Apart from the pictures, which must be omitted, restate the data exactly.

-------- EXERCISE DATA --------

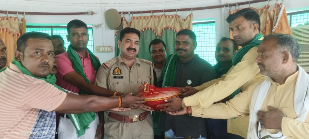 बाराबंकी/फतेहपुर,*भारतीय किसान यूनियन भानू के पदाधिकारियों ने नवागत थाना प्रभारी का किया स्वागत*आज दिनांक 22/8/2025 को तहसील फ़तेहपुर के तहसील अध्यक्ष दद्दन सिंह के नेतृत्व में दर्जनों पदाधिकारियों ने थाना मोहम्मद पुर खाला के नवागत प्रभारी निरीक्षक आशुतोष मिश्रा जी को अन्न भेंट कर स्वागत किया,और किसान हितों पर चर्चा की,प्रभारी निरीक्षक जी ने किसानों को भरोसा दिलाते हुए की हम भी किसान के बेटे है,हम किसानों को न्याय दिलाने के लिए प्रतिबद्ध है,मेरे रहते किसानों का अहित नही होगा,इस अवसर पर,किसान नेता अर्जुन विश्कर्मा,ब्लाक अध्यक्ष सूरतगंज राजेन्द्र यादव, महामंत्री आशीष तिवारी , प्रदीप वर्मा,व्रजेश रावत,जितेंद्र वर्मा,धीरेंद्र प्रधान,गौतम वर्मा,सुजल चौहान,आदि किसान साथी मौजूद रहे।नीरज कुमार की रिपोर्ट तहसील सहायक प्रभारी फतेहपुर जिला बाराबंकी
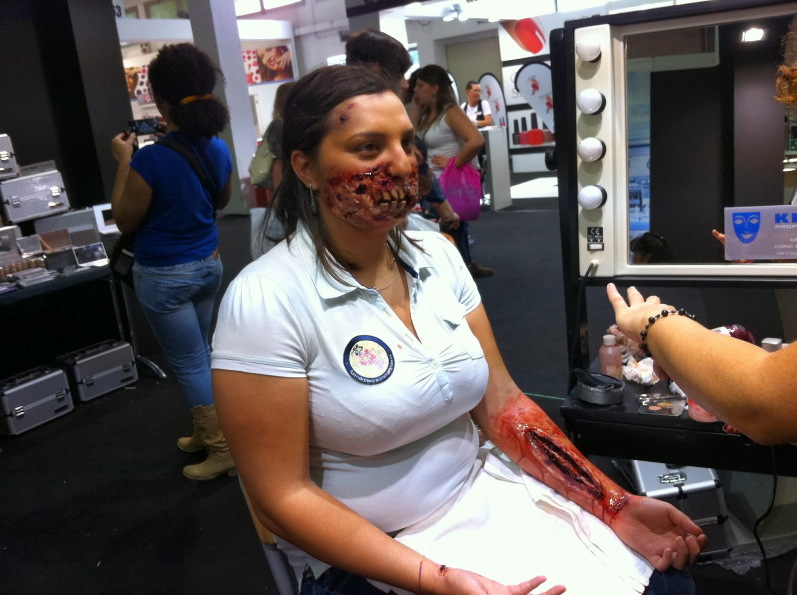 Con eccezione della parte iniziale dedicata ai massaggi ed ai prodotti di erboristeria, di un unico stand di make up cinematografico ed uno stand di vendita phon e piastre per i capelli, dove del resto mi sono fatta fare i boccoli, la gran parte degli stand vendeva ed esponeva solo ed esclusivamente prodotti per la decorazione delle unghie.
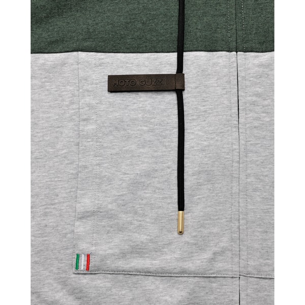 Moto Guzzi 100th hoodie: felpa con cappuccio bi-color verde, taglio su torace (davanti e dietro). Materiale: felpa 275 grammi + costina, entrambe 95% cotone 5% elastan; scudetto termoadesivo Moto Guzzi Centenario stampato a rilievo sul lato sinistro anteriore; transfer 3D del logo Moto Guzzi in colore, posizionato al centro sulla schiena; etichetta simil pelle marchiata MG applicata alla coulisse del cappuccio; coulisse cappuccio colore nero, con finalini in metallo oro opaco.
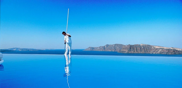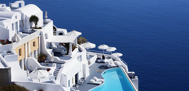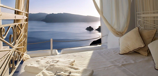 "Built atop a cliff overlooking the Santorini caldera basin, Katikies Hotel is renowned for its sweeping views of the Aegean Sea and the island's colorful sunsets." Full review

--------

> **EXPECTED OUTPUT**:
 बाराबंकी/फतेहपुर,*भारतीय किसान यूनियन भानू के पदाधिकारियों ने नवागत थाना प्रभारी का किया स्वागत*आज दिनांक 22/8/2025 को तहसील फ़तेहपुर के तहसील अध्यक्ष दद्दन सिंह के नेतृत्व में दर्जनों पदाधिकारियों ने थाना मोहम्मद पुर खाला के नवागत प्रभारी निरीक्षक आशुतोष मिश्रा जी को अन्न भेंट कर स्वागत किया,और किसान हितों पर चर्चा की,प्रभारी निरीक्षक जी ने किसानों को भरोसा दिलाते हुए की हम भी किसान के बेटे है,हम किसानों को न्याय दिलाने के लिए प्रतिबद्ध है,मेरे रहते किसानों का अहित नही होगा,इस अवसर पर,किसान नेता अर्जुन विश्कर्मा,ब्लाक अध्यक्ष सूरतगंज राजेन्द्र यादव, महामंत्री आशीष तिवारी , प्रदीप वर्मा,व्रजेश रावत,जितेंद्र वर्मा,धीरेंद्र प्रधान,गौतम वर्मा,सुजल चौहान,आदि किसान साथी मौजूद रहे।नीरज कुमार की रिपोर्ट तहसील सहायक प्रभारी फतेहपुर जिला बाराबंकी
 Con eccezione della parte iniziale dedicata ai massaggi ed ai prodotti di erboristeria, di un unico stand di make up cinematografico ed uno stand di vendita phon e piastre per i capelli, dove del resto mi sono fatta fare i boccoli, la gran parte degli stand vendeva ed esponeva solo ed esclusivamente prodotti per la decorazione delle unghie.
 Moto Guzzi 100th hoodie: felpa con cappuccio bi-color verde, taglio su torace (davanti e dietro). Materiale: felpa 275 grammi + costina, entrambe 95% cotone 5% elastan; scudetto termoadesivo Moto Guzzi Centenario stampato a rilievo sul lato sinistro anteriore; transfer 3D del logo Moto Guzzi in colore, posizionato al centro sulla schiena; etichetta simil pelle marchiata MG applicata alla coulisse del cappuccio; coulisse cappuccio colore nero, con finalini in metallo oro opaco.
 "Built atop a cliff overlooking the Santorini caldera basin, Katikies Hotel is renowned for its sweeping views of the Aegean Sea and the island's colorful sunsets." Full review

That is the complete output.